The webcomics blog about webcomics

So Much News Today, Probably Nothing Tomorrow

Let’s jump in, shall we?

  • Will the world ever tire of telling Kate Beaton how much she rocks? Not this corner of it. Nor, apparently, the corner that included TCAF over the weekend, as the Doug Wright awards for outstanding Canadian cartooning were awarded on Saturday, and our Kate took the award for Best Emerging Talent. Everybody feel good for Kate!
  • Speaking of TCAF (I so have to go in 2011), much coverage may be found around the nets, but I particularly liked Christopher Bird‘s take on things, especially this bit:

    ITEM! At one of the panels the various panel members were playing “what indie band is each cartoonist.” IE, “Peter Bagge is R.E.M.” I mention this because Scott McCloud’s daughter said that Ryan North of Dinosaur Comics would be the Ramones, because “only the words change.”

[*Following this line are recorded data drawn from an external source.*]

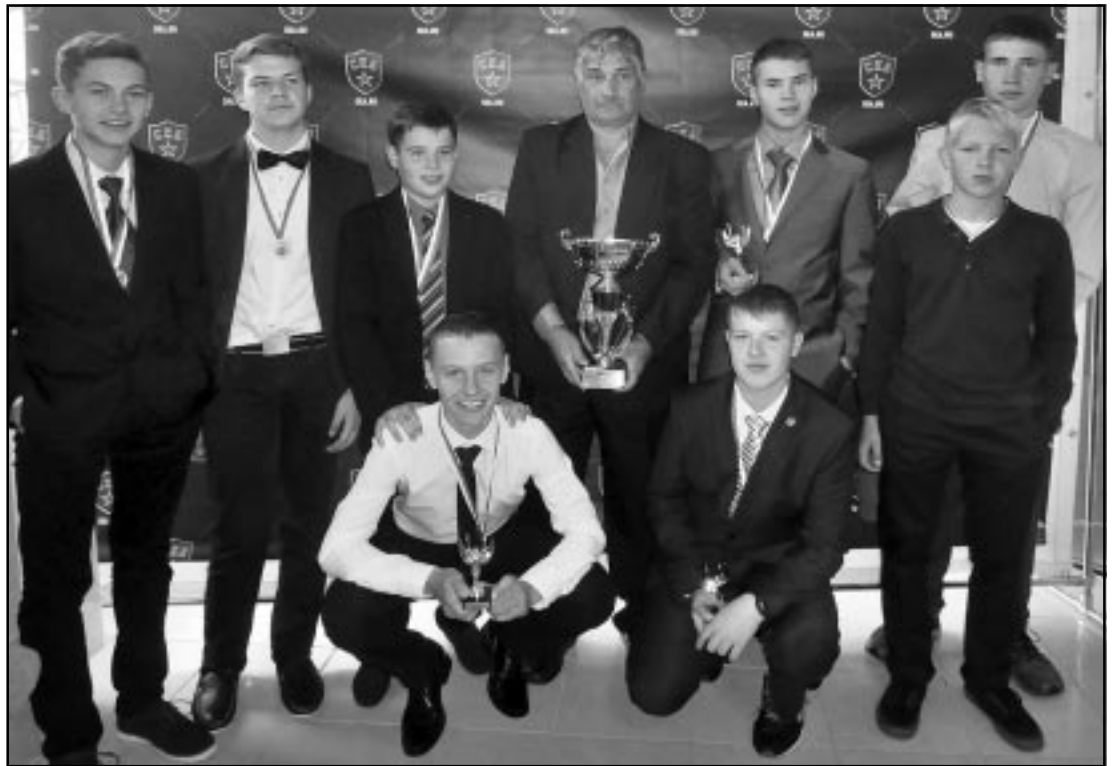
Несмотря на то что до зимы еще далеко, в Ленинградской области уже стартовал хоккейный сезон. Первым его официальным мероприятием стало подведение итогов сезона прошлого. Приятно, что на церемонии награждения лучших юных хоккеистов 47 региона чаще других звучали тосненские имена.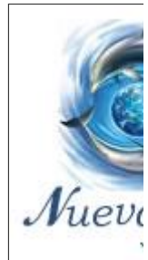
Portal y Tier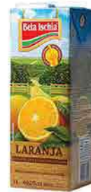
10769 SUCO BELA ISCHIA TP LARANJA(NECTAR) | 1X1LT 7898063764440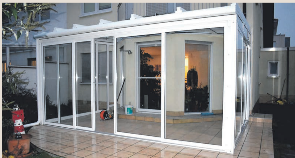
Premium-Terrassenüberdachung mit Qualitäts-Schiebe-Türen.

In den kalten Monaten kann der Sommer-Garten temporär beheizt werden und bietet somit eine ganzjährig angepasste spezifische Nutzung. Weiterhin waren moderne Qualitäts-Kunststoff-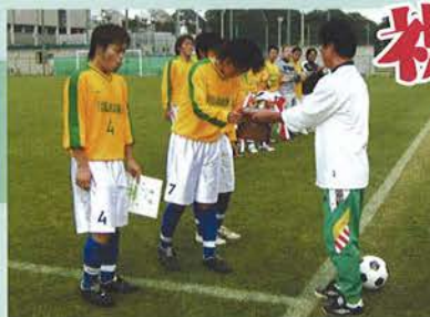
神戸市総体 優勝 つつじが丘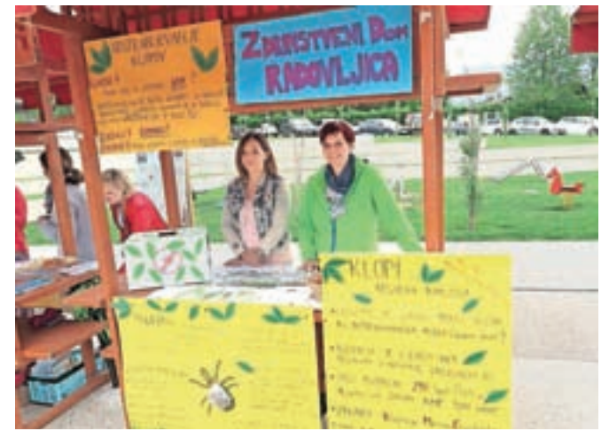
Zdravstveni dom Radovljica je predstavljal preventivo pred klopi in vse o cepljenju proti klopnemu meningoencefalitisu.

Bazar je namreč enkratna priložnost za občane, da na enem mestu dobijo veliko povsem konkretnih informacij in navodil za ohranjanje zdravja, in to povsem brezplačno.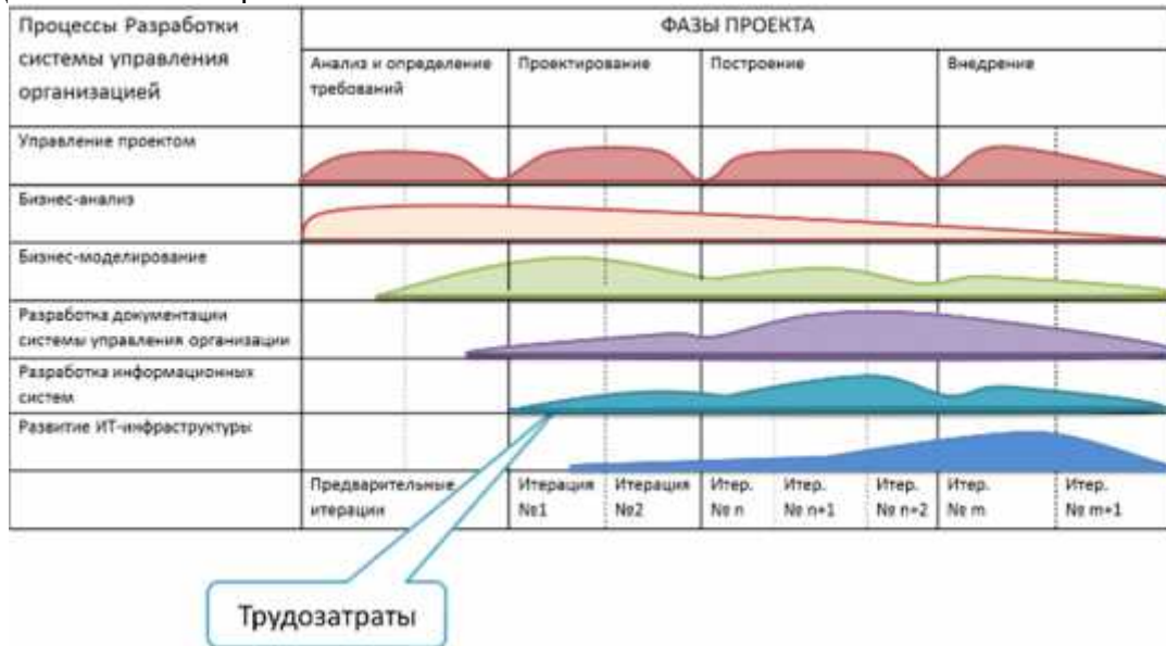
Рисунок 3. Итерационный процесс разработки системы управления организации

В результате получается следующая концептуальная модель построения системы управления организации, аналогичная RUP — Рисунок 3. Естественно, отображение трудозатрат выглядит несколько утрированно, но, тем не менее, оно даёт представление о том, как распределять ресурсы в ходе выполнения проекта.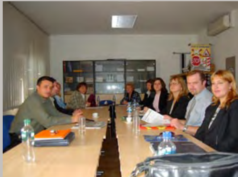
Hrvatske željeznice: Putnički promet i Cargo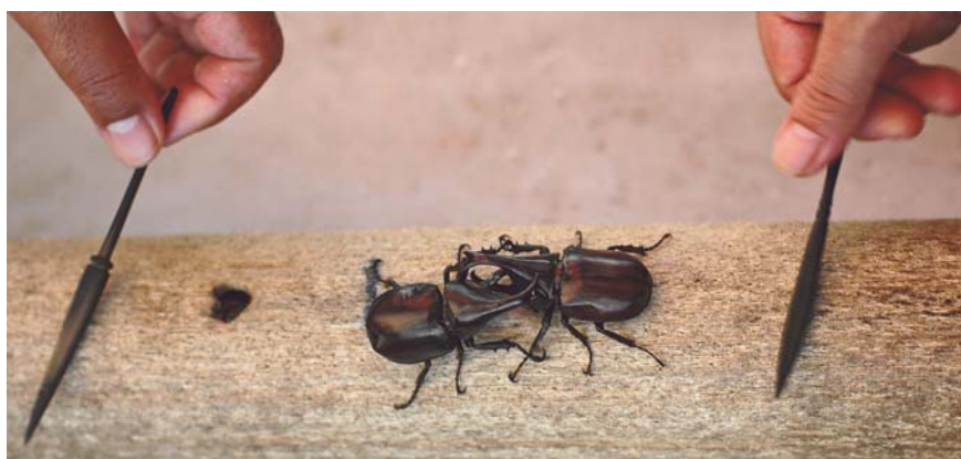
Stimulés par les vibrations des stylets, les adversaires cherchent leur prise

l'aspect de la carapace (thorax et abdomen). D'expérience, les tons unis, le rouge ou le noir, idéalement le jaune, distinguent les meilleurs combattants. La combinaison thorax rouge et abdomen noir, par exemple, est moins recherchée que thorax noir et abdomen rouge. Les rayures longitudinales parfois présentes sur la partie dorsale de l'abdomen sont perçues comme un avantage morphologique. Les « anomalies », dues notamment à un mauvais développement larvaire et nymphal, sont rejetées. L'examen de ces qualités morphologiques ne suffit pas à vérifier les capacités réelles de l'insecte. Seuls ou à plusieurs, les amateurs soumettent le scarabée à plusieurs tests de réactivité : à l'aide, soit d'un stylet, soit du bout du doigt, ils en vérifient les réactions (les « nerfs »). L'animal est observé et manipulé sous tous les angles pour apprécier « en volume » son interaction potentielle avec un adversaire de même morphologie. Une manipulation essentielle consiste à faire fléchir la tête du scarabée pour ouvrir au maximum l'écart entre les deux cornes et ainsi estimer la surface de saisie.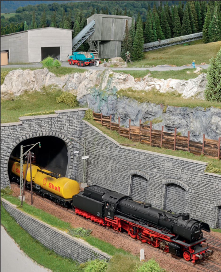
Nach langer Fahrt vom Schattenbahnhof kommende verlässt der Kesselwagenzug unterhalb des Steinbruchs den Tunnel und befährt die weitläufige Paradestrecke in Richtung Stadt.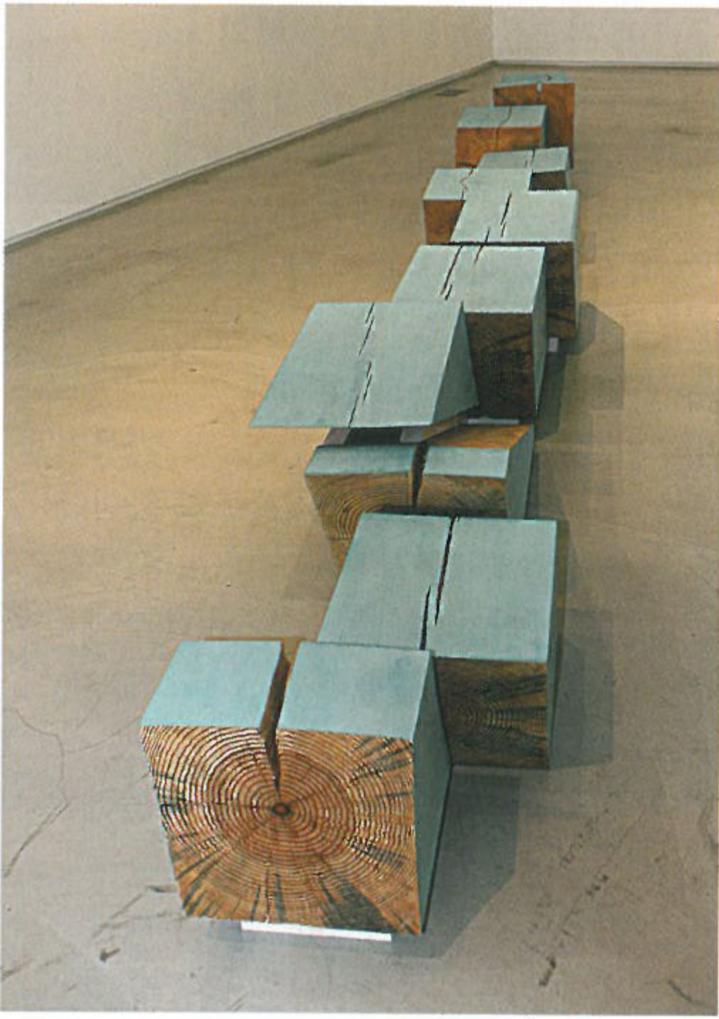
〈모든 단층들〉 목재에 채색, 린시드유 30×500×31cm 2014 아래 · 〈자기장〉 종이, 페인트, 풀 50×32cm 2014

이전 페이지 왼쪽 · 〈지구 중심으로의 여행 - 관통할 수 있는〉 가죽, 부석, 도금된 돌, 구운 세라믹, 유리, 화산석 300×300×400cm 2014_국제갤러리 전시 전경 오른쪽 · 국내 첫 개인전을 기해 한국을 찾은 다미안 오르테가.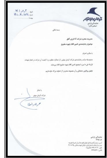
كرمان موتور (تامین)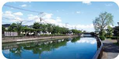
新川沿いの散策路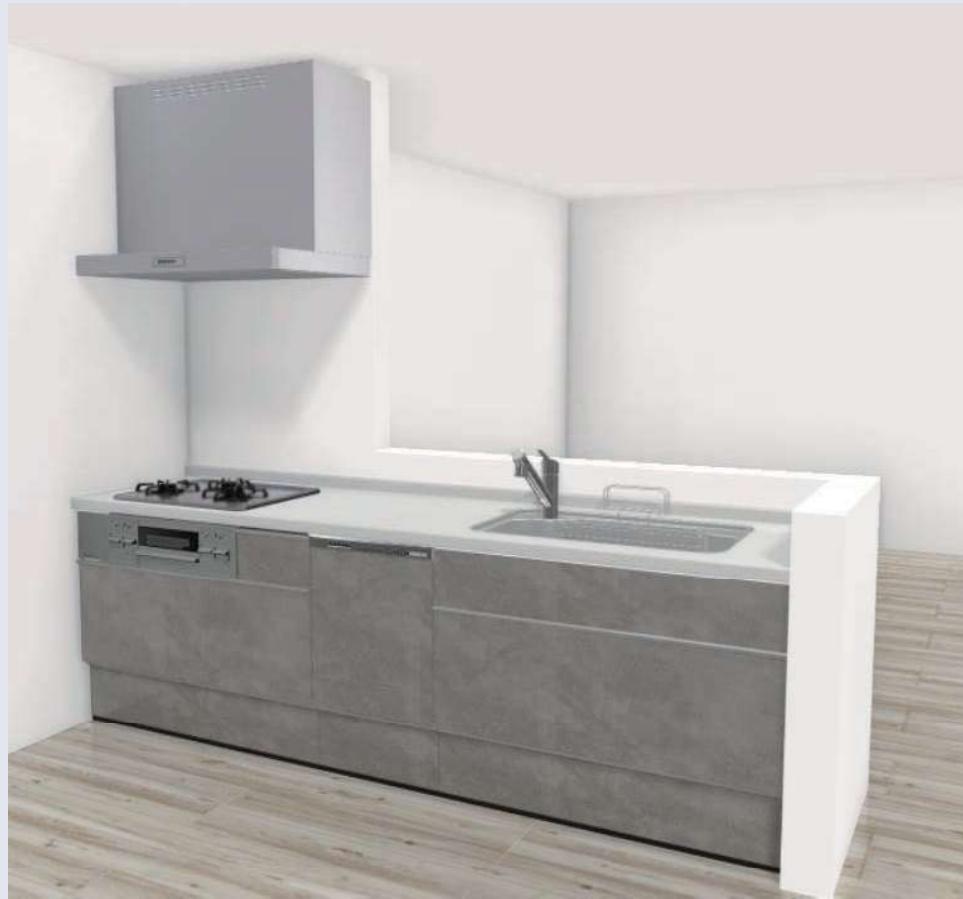
※CG合成によるイメージ画像です。現場調達品、シリーズ外選定品に関しては表現しておりません。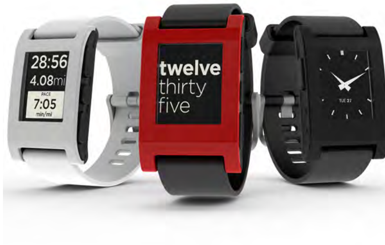
Fig. 3. Pebble Watch

En Abril de 2012, un equipo de ingenieros publicó en Kickstarter un proyecto para financiar Pebble, un reloj de pulsera inteligente que se conectaría al smartphone y alertaría al usuario de llamadas, emails, mensajes de texto y otras notificaciones. Con una pantalla de tinta electrónica el Pebble podría ser leído en plena luz del día. También permitiría a developers integrar sus aplicaciones con el Pebble.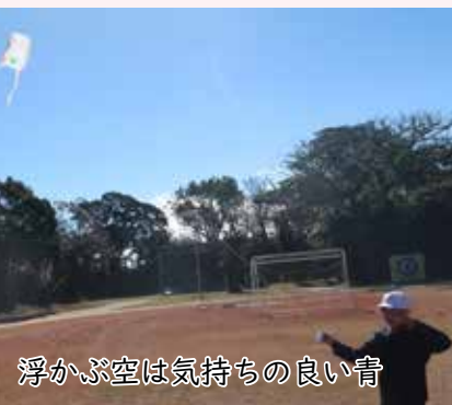
浮かぶ空は気持ちの良い青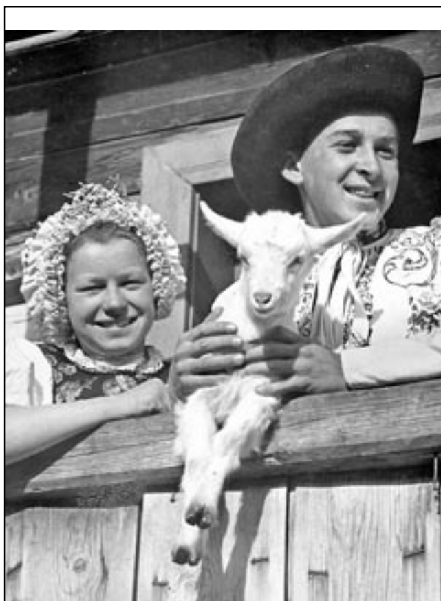
Kožkař také prováděl porážku kozlat, koz a ovcí.

Dalším řemeslem, na které rád vzpomínám, byl kolář . Ve Starém Městě byl jedním z mistrů kolářských strýček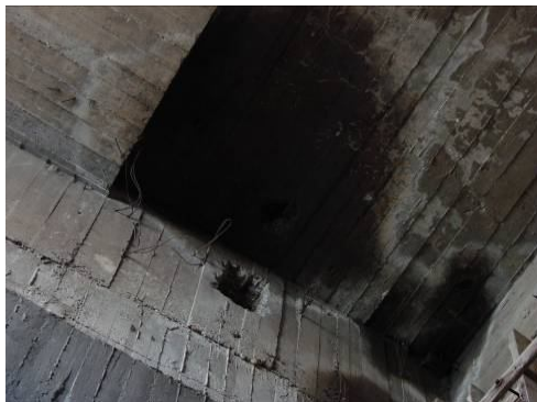
Рис. 5. Фильтрация масла через монолитный бетон массивного перекрытия (вид снизу)

Массивные монолитные конструкции гидротехнических сооружений имеют свои особенности. Сложности практического исполнения технологических приемов при бетонировании таких конструкций приводят к наличию многочисленных трещин раскрытием более нормативной величины 0,3 мм, а также швов как между блоками бетонирования, так и внутри массивных блоков из-за нарушения цикличности процессов укладки бетона.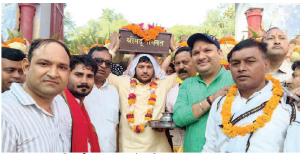
कथा शुभारंभ पर निकली कलश यात्रा में शामिल श्रद्धालु।

यूनिक समय, नौहड्डोल। बुधवार को कस्बा के शेरगढ़ रोड स्थित प्राचीन झाड़ी वाले हनुमान मंदिर पर 35वीं श्रीमद् भागवत कथा का भव्य शुभारंभ हुआ। आयोजन की शुरुआत अग्रवाल मंदिर से निकली भव्य- दिव्य कलश यात्रा के साथ हुई, जिसने पूरे कस्बे को भक्तिमय बना दिया। शोभायात्रा में 1101 महिलाओं ने सिर पर मंगल कलश धारण किए।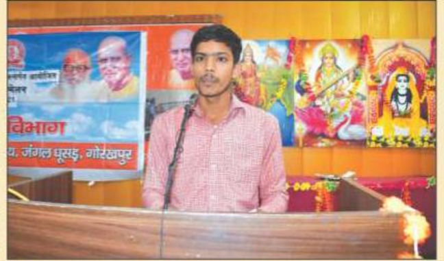
उदीयमान कवि सम्मेलन में स्वरचित कविता का पाठ करता प्रतिभागी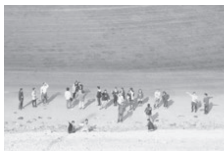
▲ 2日目に訪れた式根島泊海岸

11月16日・17日に開催された、新島村商工会主催の島婚。女性7名、男性21名が参加し、終始和やか雰囲気の中、交流を深めました。島内外からのご参加ありがとうございました。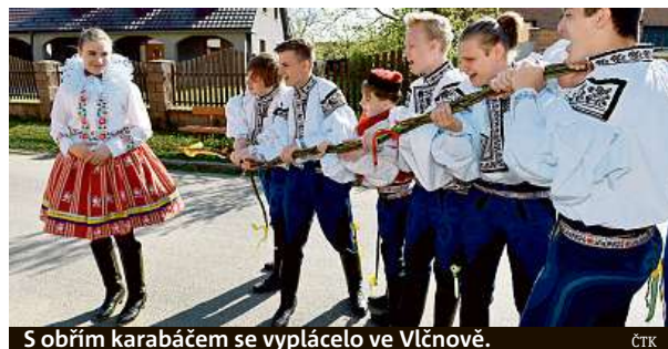
S obřím karabáčem se vyplácelo ve Vlčnově.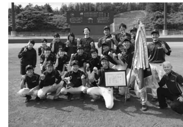
▲優勝してガッツポーズ

6月3日から17日にかけて行われた広島県専門学校軟式野球春季大会において、島根リハビリテーション学院の軟式野球サークルが見事優勝を飾りました。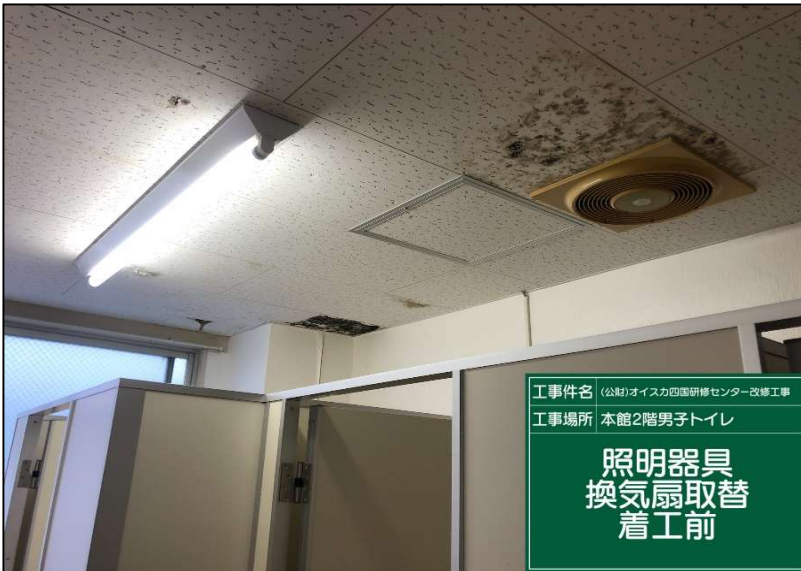
No.: 42 工種: 電気設備工事 測点: 2階男子トイレ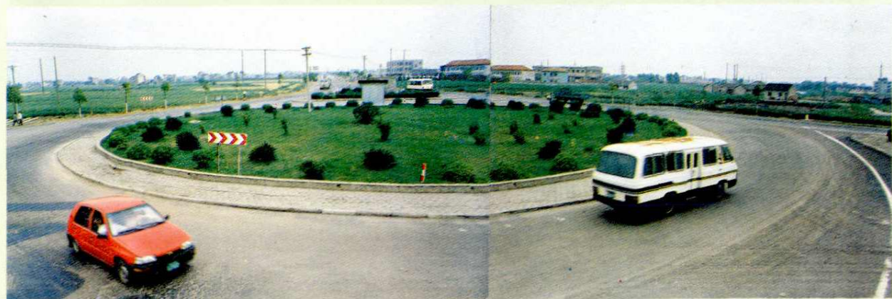
金山县交通枢纽之一——亭新乡交通设施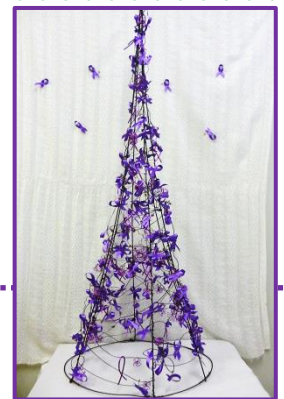
パープルリボンツリー

例えば、子育てがひと段落ついて、再就職をお考えの方、ハローワークに行く前のちょっとした情報収集に、女性センターをご利用ください。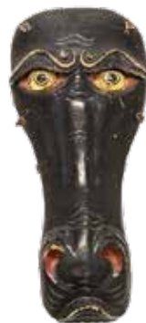
馬面／静岡浅間神社所蔵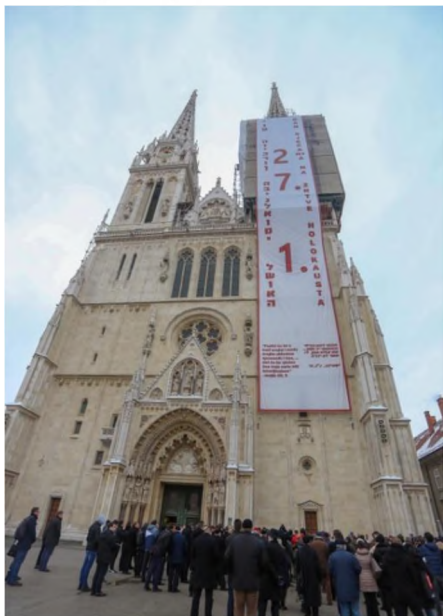
The Banner on Zagreb Cathedral

Dan sjećanja na žrtve Holokausta obilježen je ove godine u Hrvatskoj mnogo snažnije nego proteklih godina. Bilo je mnogo skupova u raznim hrvatskim gradovima u organizaciji i židovskih i nežidovskih udruga. Pažnju javnosti i medija ipak je najviše privukao iznenađujući skup pred zagrebačkom katedralom u organizaciji katoličke crkve. Ugodnom iznenađenju doprinjeo je sam kardinal Bozanić koji je u svom govoru izričito osudio zločine u notornom ustaškom logoru Jasenovac za vrijeme Holokausta. Evo nekoliko rečenica iz kardinalovog govora: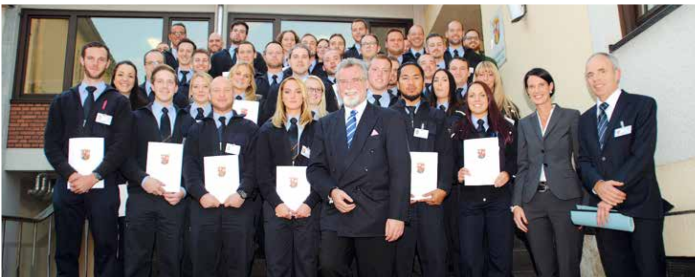
Die „frischgebackenen“ Justizvollzugsbeamten nach bestandener Laufbahnprüfung.

Der BSBD gratuliert allen Kolleginnen und Kollegen herzlich zur bestandenen Laufbahnprüfung. Wir freuen uns sehr!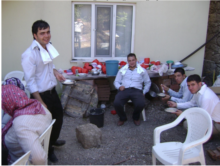
Resim 6: Düğün yemeği ve sağdıçlar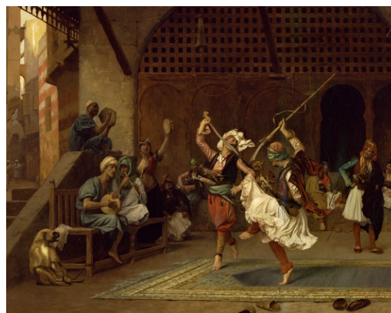
Jean-Léon Gérôme, La Danse Pyrrhique , 1885, huile sur bois, 71 x 80 cm, collection privée

    Bird doesn’t say which daughter it was, but Sky and Winter are both pretty quick, so we’ll award them each ten awesome points and a piggyback ride from Mr North.

  • Back today: Anders Loves Maria! Rene Engström has said that she’s moving into the end-story, which is both awesome and horrible. I want to know where these characters end up, and I don’t want the story to be over.
  • Man, David Willis should just be given the entire Sunday comics page (except for Doonesbury, Pearls Before Swine, and FoxTrot) to do with as he wishes. Once again, he funkily hits it out of the ballpark.
  • Internet Jesus is pretending to want to know about your webcomic, and has declared it Webcomics Week at his forums in celebration:

    You do a webcomic? Tell me about it here. Not more than one or two images, please, or else the thread takes forever to load. Don’t forget the bloody link.

    Do not disappoint the man — he wields the Chair Leg of Truth.

  • Finally, Valerie D’Orazio does a supremely good job of not falling down laughing as she points us all to maybe the stupidest thing said today about the internets:

    “If you give away your premium content for free, you are basically hastening your own demise, signing your own death warrant,” said Laura Martin, a media analyst with Soleil-Media Metrics.

    Forget our little online funnybook stories — the counterexamples on this one are too numerous to list. Unless, as I suspect, her audience is made up solely of people that do not actually produce any premium content, but merely make their cut by charging huge percentages of eventual retail for basically moving said content from place to place, in which case, it ain’t the giving-away that’s signed those warrants, it’s called progress.

[…] (No image, so as to avoid ruining the joke. Link via Gary Tyrrell.) […]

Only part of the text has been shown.